[Input for this task]:
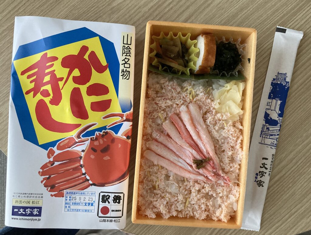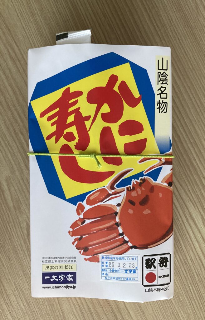夕飯に、出雲市駅のJR西日本のお土産屋さんでかに寿司を購入。
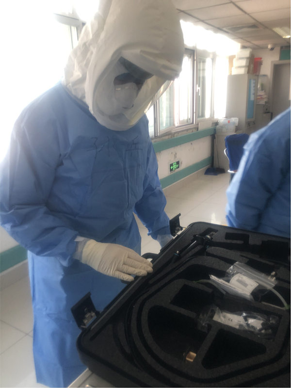氣管鏡檢查可以直觀了解患者氣道及肺的情況,還可以進行肺泡灌洗獲得最準確的病原學證據,這對后續的治療至關重要。但在氣管鏡操作過程中,患者氣道完全開放,醫務人員近距離接觸患者呼出的氣體,職業暴露風險極大。降低感染風險的唯一辦法是盡快完成檢查,但是,穿著全套防護服,戴著護目鏡、幾層手套,雙手、雙眼的靈活性大打折扣。這個檢查是對操作者心理抗壓能力和操作嫻熟程度的雙重考驗,也正因為如此,此前這里的患者從未接受過氣管鏡檢查?!拔襾戆??!睂O兵一錘定音。
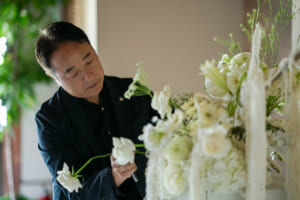 独創的な生け花デザインの「ANIE Floral & Deco.」とともに会場内の装花をコーディネートします。
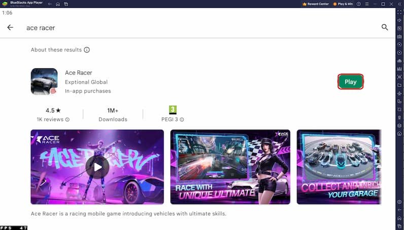 打開您的 Play 商店並使用您的 Google 帳戶登錄。搜索 Ace Racer 並將游戲下載到您的 BlueStacks 模擬器。這可能需要幾分鐘才能完成,具體取決於您的網絡連接。
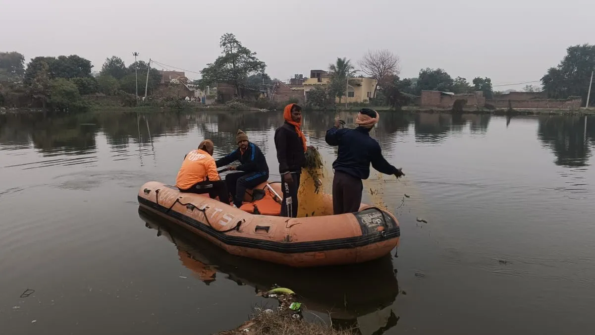 गाजीपुर में तिहरे हत्याकांड की जांच: पोखरे से हथियार निकालने का काम पंप खराब होने से रुका
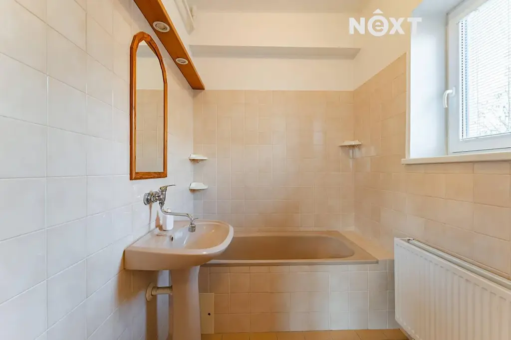 Dům je napojen na veškeré inženýrské sítě – obecní vodovod, kanalizaci i plyn. Vytápění zajišťuje plynový kotel z roku 2023, ohřev vody plynová karma.
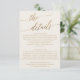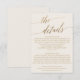 Esta elegante tarjeta de detalles de marfil de caligrafía dorada es perfecta para una boda en otoño. El diseño neutro cuenta con una tarjeta minimalista decorada con una romántica tipografía de Relieve metalizado de imitación de oro. Nota: Este diseño no tiene Relieve metalizado oro real. Es un gráfico de alta calidad hecho para parecer un Relieve metalizado dorado.
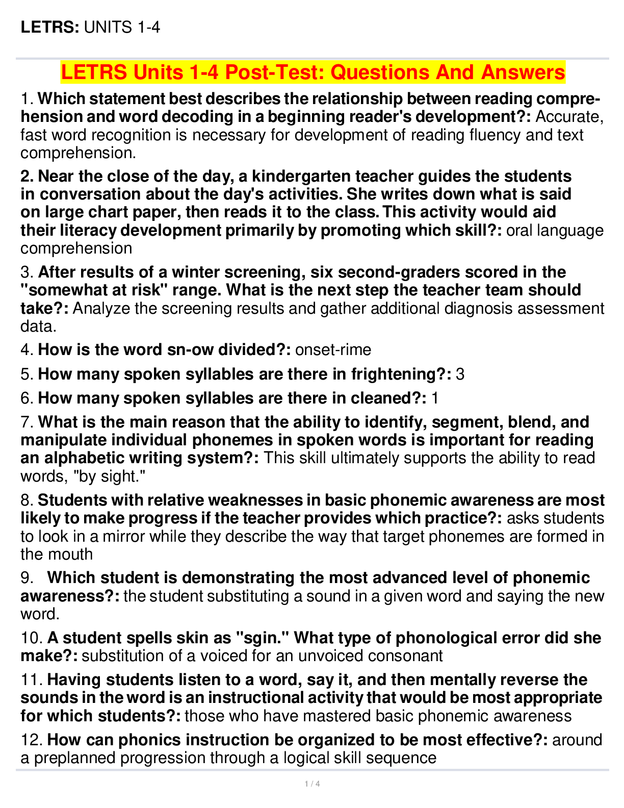 Communication > EXAM > LETRS Units 1-4 Post-Test: Questions And Answers 2022/2023 (All)
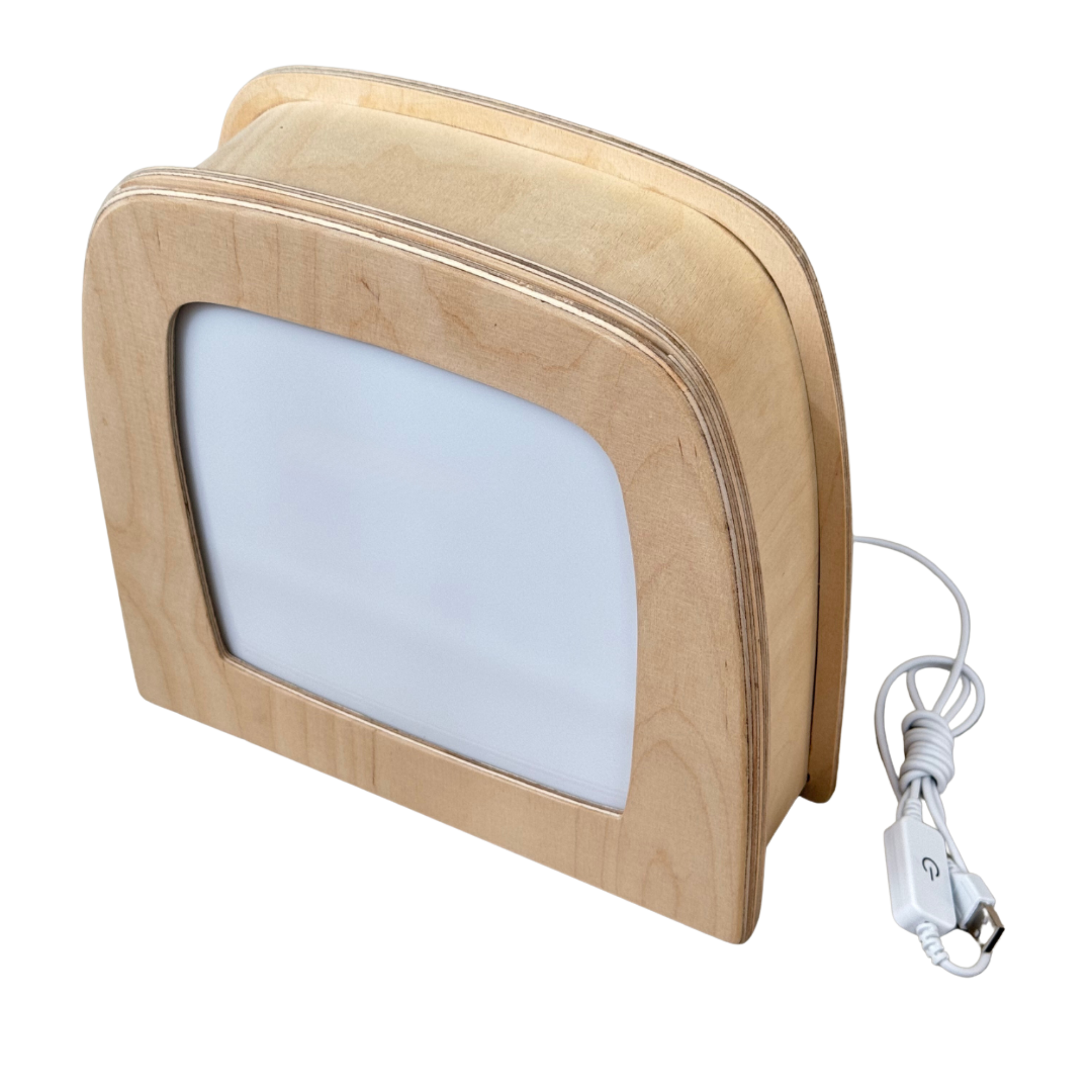 S láskou ručně vyrobená dřevěná lampa, která čeká, až jí vyberete stínítko podle svého srdce. Stačí ji zapojit, dotknout se vypínače – a světlo rozzáří váš svět jemným kouzlem. Každá lampa je zabalena v pevném bavlněném dárkovém sáčku, připravená stát se součástí vašeho domova nebo dárkem pro někoho blízkého.
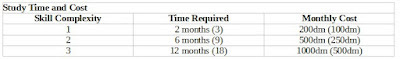 The time and cost necessary to learn a new skill depend on its complexity.
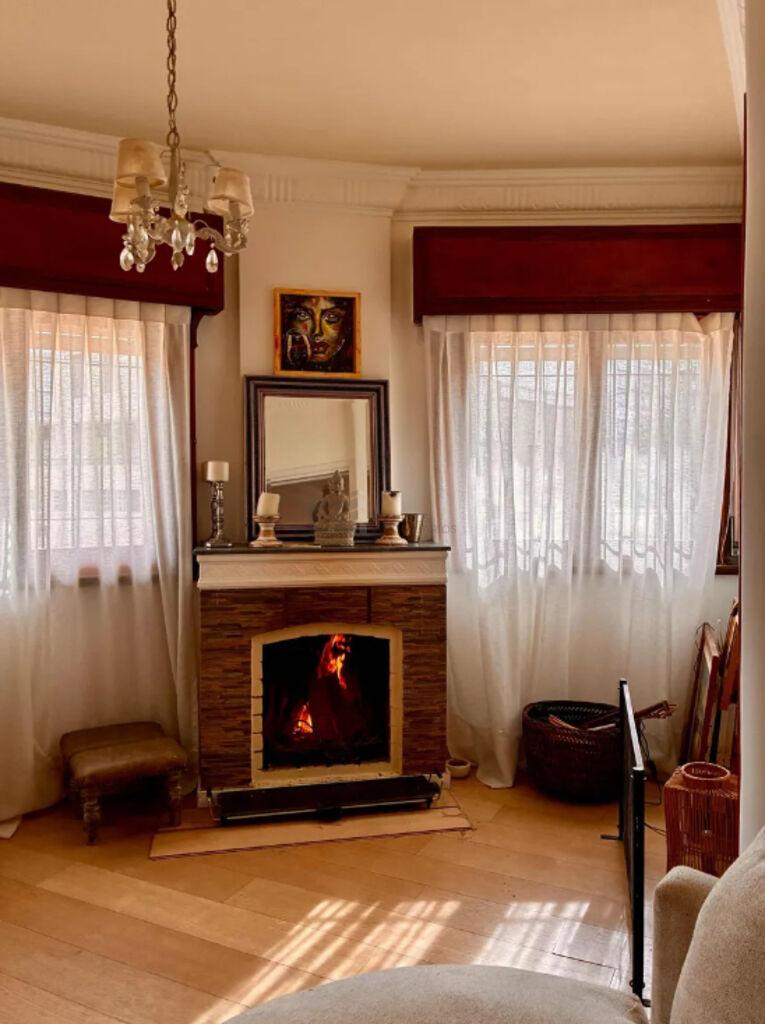 Patio con espacio para leña en plata baja

[What this task involves]: May I have only the lines from the start of the data through the line containing "Communication > EXAM", both included, reproduced exactly and without the pictures?

[Exercise result]:
夕飯に、出雲市駅のJR西日本のお土産屋さんでかに寿司を購入。
氣管鏡檢查可以直觀了解患者氣道及肺的情況,還可以進行肺泡灌洗獲得最準確的病原學證據,這對后續的治療至關重要。但在氣管鏡操作過程中,患者氣道完全開放,醫務人員近距離接觸患者呼出的氣體,職業暴露風險極大。降低感染風險的唯一辦法是盡快完成檢查,但是,穿著全套防護服,戴著護目鏡、幾層手套,雙手、雙眼的靈活性大打折扣。這個檢查是對操作者心理抗壓能力和操作嫻熟程度的雙重考驗,也正因為如此,此前這里的患者從未接受過氣管鏡檢查?!拔襾戆??!睂O兵一錘定音。
 独創的な生け花デザインの「ANIE Floral & Deco.」とともに会場内の装花をコーディネートします。
 打開您的 Play 商店並使用您的 Google 帳戶登錄。搜索 Ace Racer 並將游戲下載到您的 BlueStacks 模擬器。這可能需要幾分鐘才能完成,具體取決於您的網絡連接。
 गाजीपुर में तिहरे हत्याकांड की जांच: पोखरे से हथियार निकालने का काम पंप खराब होने से रुका
 Dům je napojen na veškeré inženýrské sítě – obecní vodovod, kanalizaci i plyn. Vytápění zajišťuje plynový kotel z roku 2023, ohřev vody plynová karma.
 Esta elegante tarjeta de detalles de marfil de caligrafía dorada es perfecta para una boda en otoño. El diseño neutro cuenta con una tarjeta minimalista decorada con una romántica tipografía de Relieve metalizado de imitación de oro. Nota: Este diseño no tiene Relieve metalizado oro real. Es un gráfico de alta calidad hecho para parecer un Relieve metalizado dorado.
 Communication > EXAM > LETRS Units 1-4 Post-Test: Questions And Answers 2022/2023 (All)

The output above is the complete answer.